The ITP includes forecasts of energy use and peak load, projections of needed capacity and operating reserves, information about available generation and transmission resources, and descriptions of needed transmission solutions. Consideration of transmission projects to facilitate renewables integration typically is addressed in the 20-year ITP, although projects and resources may also be assessed through shorter planning horizons through other study processes.
More information on the SPP planning process can be found here.
SPP is a non-profit private corporation with headquarters in Little Rock, Arkansas. By the design of the Membership Agreement, SPP’s members have significant influence in SPP decision-making. Its members include investor-owned utilities, municipal systems, generation and transmission cooperatives, state agencies, independent power producers, power marketers, independent transmission companies, federal agency, and large retail customers. Also, the states in SPP’s footprint engage with SPP through SPP’s Regional State Committee (RSC). Notably, due to SPP’s high membership fees, none of its members are consumer, environmental, or other public interest entities.
The SPP organizational chart illustrates its governance and stakeholder structure. Among the key governance groups at SPP are:
Markets and Operations Policy Committee (MOPC) – Responsible for developing and recommending policies and procedures related to the technical operations. The scope of MOPC’s responsibilities is broad, covering system design, planning, resource adequacy, tariff, interconnections, operations, reliability, market design, oversight of standards development, and other responsibilities. All of the activities of the committees listed below are under the oversight of this principal committee. The MOPC reports directly to the Board of Directors.
Corporate Governance Committee of the Board of Directors – Responsible for the overall governance structure, including nominations, for SPP. The Committee recommends appointments to the Board of Directors for Organizational Group representatives and leadership except the Markets and Operations Planning Committee and Members Committee.

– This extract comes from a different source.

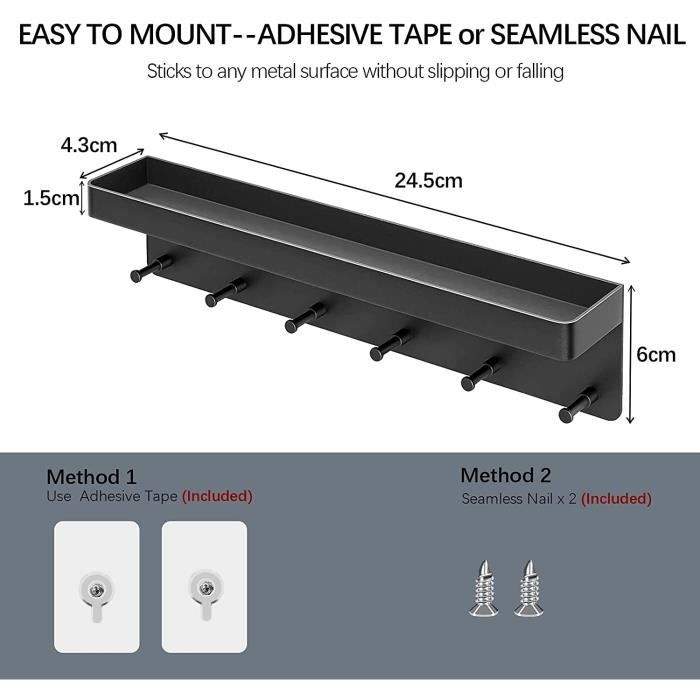 Lvjkes Porte-clés mural, porte clé murale pour maison, noir porte-clés multifonctionnel en métal, avec 7 crochets à clés, convient pour chambres, entrées, garage (chat Contenu et dimensions : La taille de l'étagère à courrier est de 30,5 x 25,4 x 8,1 cm, l'épaisseur du bois est de 1,8 cm. Les crochets sont parfaits pour... Crochet Mural Rangement Entrée Porte-clés Mural Sweet Home Avec 8 Crochets,Patère Métal Pour Porte D Porte Cles Mural Taille appropriée : ce produit mesure environ 29,5 cm de long, 12 cm de large avec 4 crochets. Excellent outil de rangement : ce crochet mural peut contenir une variété de petits objets. SWTYIKI Porte-clés avec 4 crochets doubles - Décoration rustique pour... Facile à installer : ce support mural a deux trous de vis, il vous suffit de le fixer au mur avec des vis ou des clous. Matériau de haute qualité : ce produit est fabriqué en fer de haute qualité, avec une dureté élevée, facile à nettoyer et pas facile à déformer et à rouiller. Le chat mignon apporte un effet décoratif et une durabilité et donne à votre maison un style et une structure chaleureux Le crochet mural pour clé murale est largement utilisé et s'adapte à tous les styles de décoration.

Economic Studies Work Group – Reviews and advises on metrics and practices used in the economic studies process, developing recommendations for the improvement of SPP’s economic studies. The ESWG examines the parameters, methodology, inputs, and metrics used in these studies, reviewing the annual data updating process, and ensuring consistency throughout the organization. As needs are identified for guiding principles for economic studies, the ESWG is responsible for their development.

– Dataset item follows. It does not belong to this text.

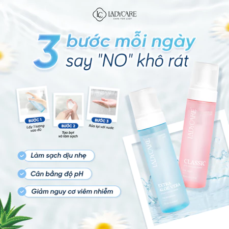 Dung Dịch Vệ Sinh Phụ Nữ Dạng Bọt Cao Cấp Ladycare Extra Aloe Vera là sản phẩm chăm sóc vùng kín được nâng cấp với công thức chứa chiết xuất lô hội tươi mát, mang đến trải nghiệm làm sạch nhẹ nhàng nhưng vô cùng hiệu quả. Với kết cấu bọt mịn, sản phẩm giúp loại bỏ bụi bẩn, mồ hôi và tạp chất một cách êm ái, đồng thời duy trì độ ẩm tự nhiên, ngăn ngừa khô rát và kích ứng. Lô hội nổi tiếng với khả năng làm dịu, cấp ẩm và tái tạo da, giúp vùng kín luôn mềm mại, dễ chịu và giảm cảm giác khó chịu do các yếu tố bên ngoài gây ra.

Market Working Group – Responsible for developing and coordinating changes to SPP’s energy markets, congestion management, and market monitoring operations.

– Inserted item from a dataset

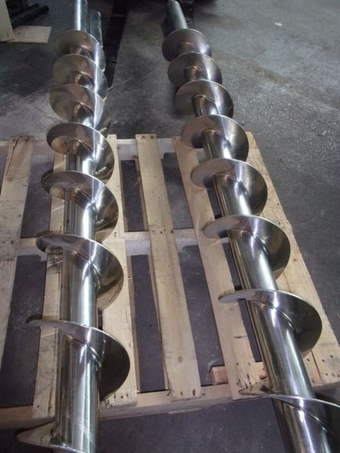 (3) 9" Dia. S/S Screw Augers x 115" Overall, Screw Part is 84" L, 3-1/2" Dia. Shaft, 9" Between Flights,- (1) Has a bent flight shownin the Photo - It does not affect the unit. Last used in a screw loader - Will Crate for $300 to Ship Common Carrier (Loading Fee $100) (Located Hortonville, WI)
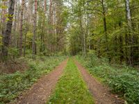 This stock photo captures the beauty of an autumn landscape in Berlin, Germany. It features a pathway leading straight down the road through a lush forest, surrounded by green grass and vibrant plants. The scene is illuminated by natural daylight, with fluffy clouds drifting across the sky above. The dirt road is covered with a layer of gravel and sand, giving it a rustic and natural feel. The image showcases the serene beauty of nature in Europe, with the vibrant colors of the autumn foliage adding to the overall picturesque view.

Seams Steering Committee – Responsible for providing direction to SPP staff regarding staff’s negotiation, development, implementation, and maintenance of SPP’s seams agreements, joint operating agreements, or similar agreements with SPP customers or transmission providers.
Supply Adequacy Group (SAWG) – Responsible for development and implementation of policies and processes to ensure reliable supply of capacity necessary to meet demand and supply adequacy requirements/methodologies in SPP. In addition, the SAWG is responsible for ensuring that these processes and policies meet the compliance obligations of NERC Reliability Standards.
Transmission Working Group – Responsible for planning criteria for evaluating transmission additions, making recommendations on these to the Markets and Operations Policy Committee. The Working Group works with individual transmission owners about oversight of coordination efforts and contingency evaluations.